クリッピング区間をランダムなパラメータで算出することで,毎回異なる長さの学習データを生成できます.
図2中央に,クリッピング前後でデータがどのように変化するかを示します.
ここでは,時系列データに対する処理が分かりやすいように追跡点系列を画像形式で表しています.
横軸はフレーム数を示し,縦軸は追跡点番号を示します.
各ピクセルの色 (値) は追跡点の \(x\) 座標値を示しています.
このように画像形式で表した特徴量は,特徴マップと呼ばれます.
特徴マップにおいては,クリッピングは赤矩形の部分を抜き出す操作に相当します.
追跡点や時系列データの処理は複雑になりがちですが,特徴マップ上の画像処理として捉えてあげると分かりやすくなることもあります.
もしご自身が似たような処理で悩んでいることがあれば,視点を変えてみると上手く行くかもしれません.
2. 実験結果
次節以降では,いつも通り実装の紹介をしながら実験結果をお見せします.
コード紹介記事の方針として記事単体で全処理が分かるように書いており,かつ,今回に関しては今までのコードにクラスを1個追加すれば良いので,結果を先にお見せしたいと思います.
図3は,データ拡張が無い場合とある場合の,Validation Lossと認識率の推移を示しています.
横軸は学習・評価ループの繰り返し数 (Epoch) を示します.
縦軸はそれぞれの評価指標を示します.
各線の色と実験条件の関係は次のとおりです.
- 青線 (Default): Pre-LN構成のTransformer
- 橙線 (+ T-Clip): 時系列クリッピング処理適用
デフォルトのモデルには,第九回の記事で紹介した,Pre-LN構成のTransformerモデルを用います.
比較結果から,時系列クリッピング処理を適用することでロスの挙動は安定しています.
認識性能は...上がっているような...変わってないような...という感じですね(^^;).
要因としては,
- パラメータのチューニング
- オリジナルのモデルにおいてAttentionが頑張って学習不足を補っている
ことなどが挙げられます.
また,クリッピングはデータの時間長は変えますが切り抜いた部分の特徴量はそのままなので,認識結果にそこまで差が出なかったことなども考えられます.

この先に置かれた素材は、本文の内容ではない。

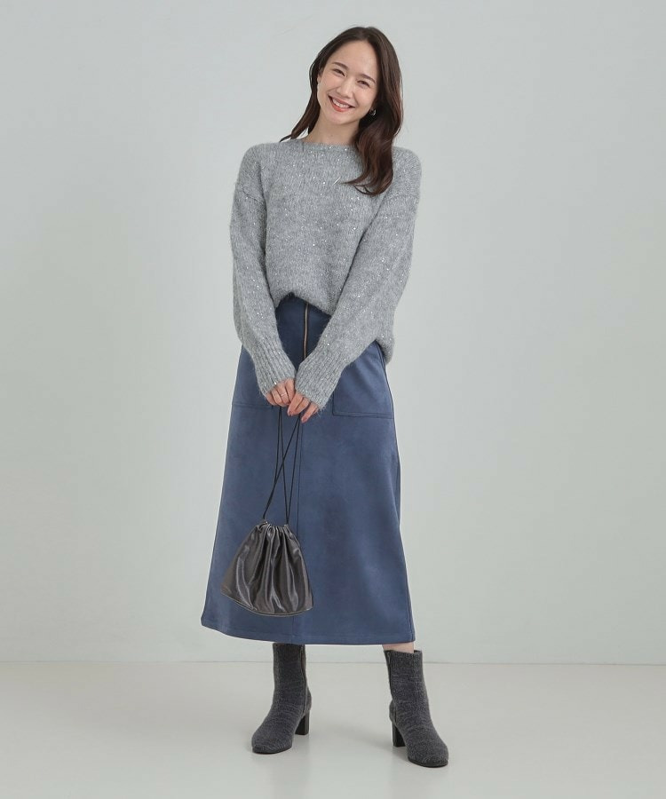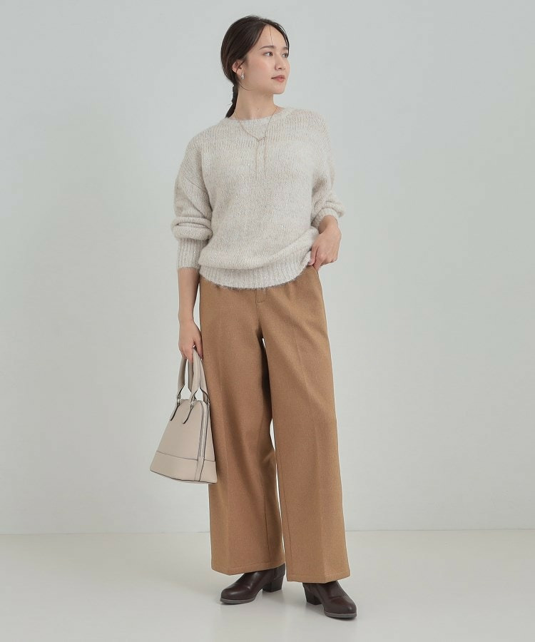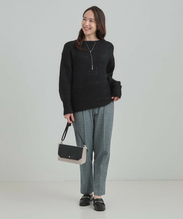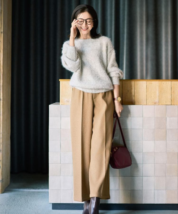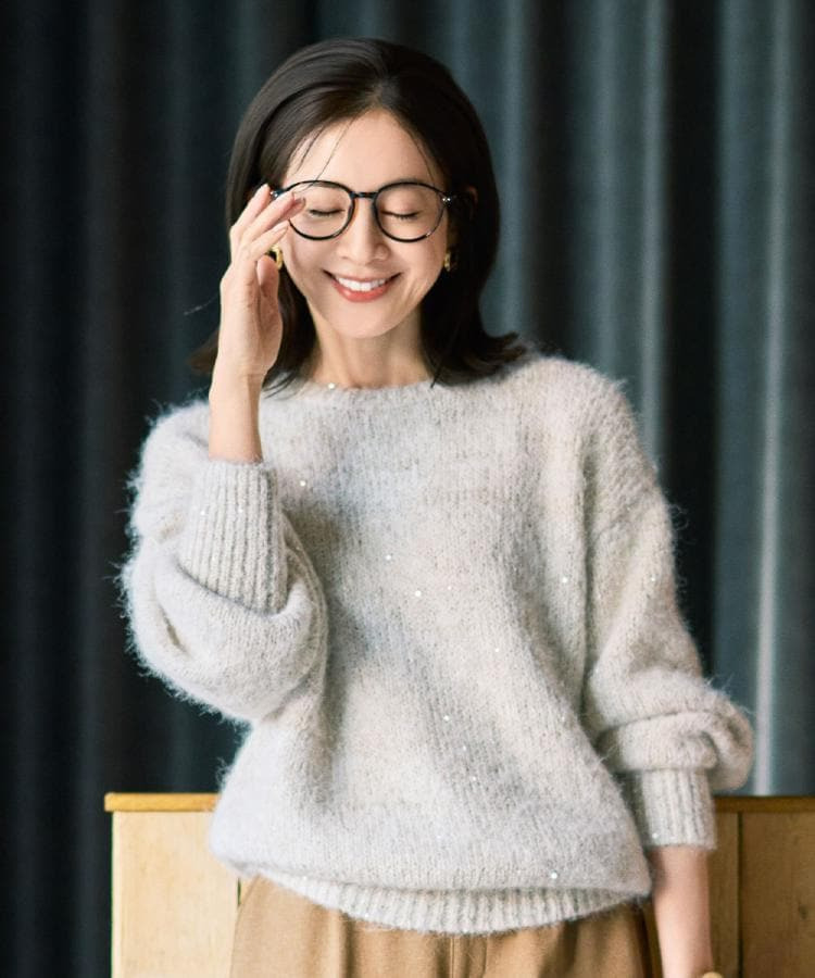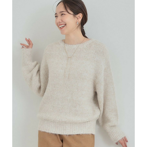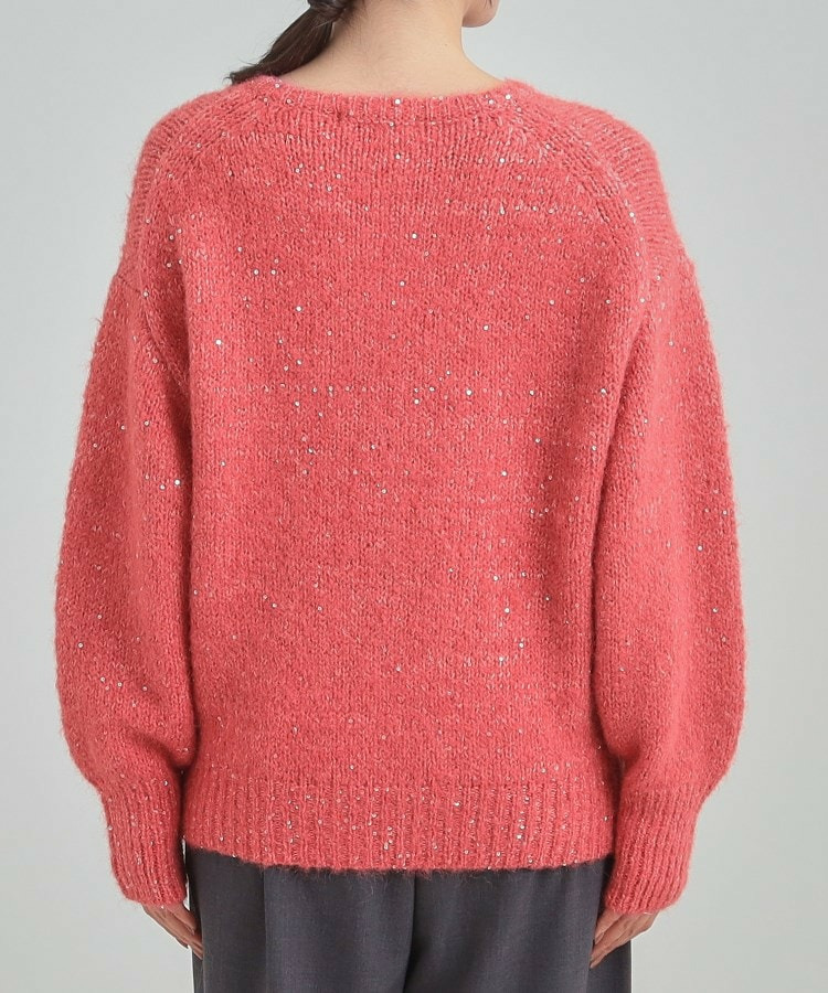 ふわふわの糸にスパンコールをミックスした、程よく上品なキラキラ感あるニット。

なお,今回の実験では話を簡単にするために,実験条件以外のパラメータは固定にし,乱数の制御もしていません.
必ずしも同様の結果になるわけではないので,ご了承ください.
3. 前準備
3.1 データセットのダウンロード
ここからは実装方法の説明をしていきます.
まずは,前準備としてGoogle Colabにデータセットをアップロードします.
ここの工程はこれまでの記事と同じですので,既に行ったことのある方は第3.3項まで飛ばしていただいて構いません.
まず最初に,データセットの格納先からデータをダウンロードし,ご自分のGoogle driveへアップロードしてください.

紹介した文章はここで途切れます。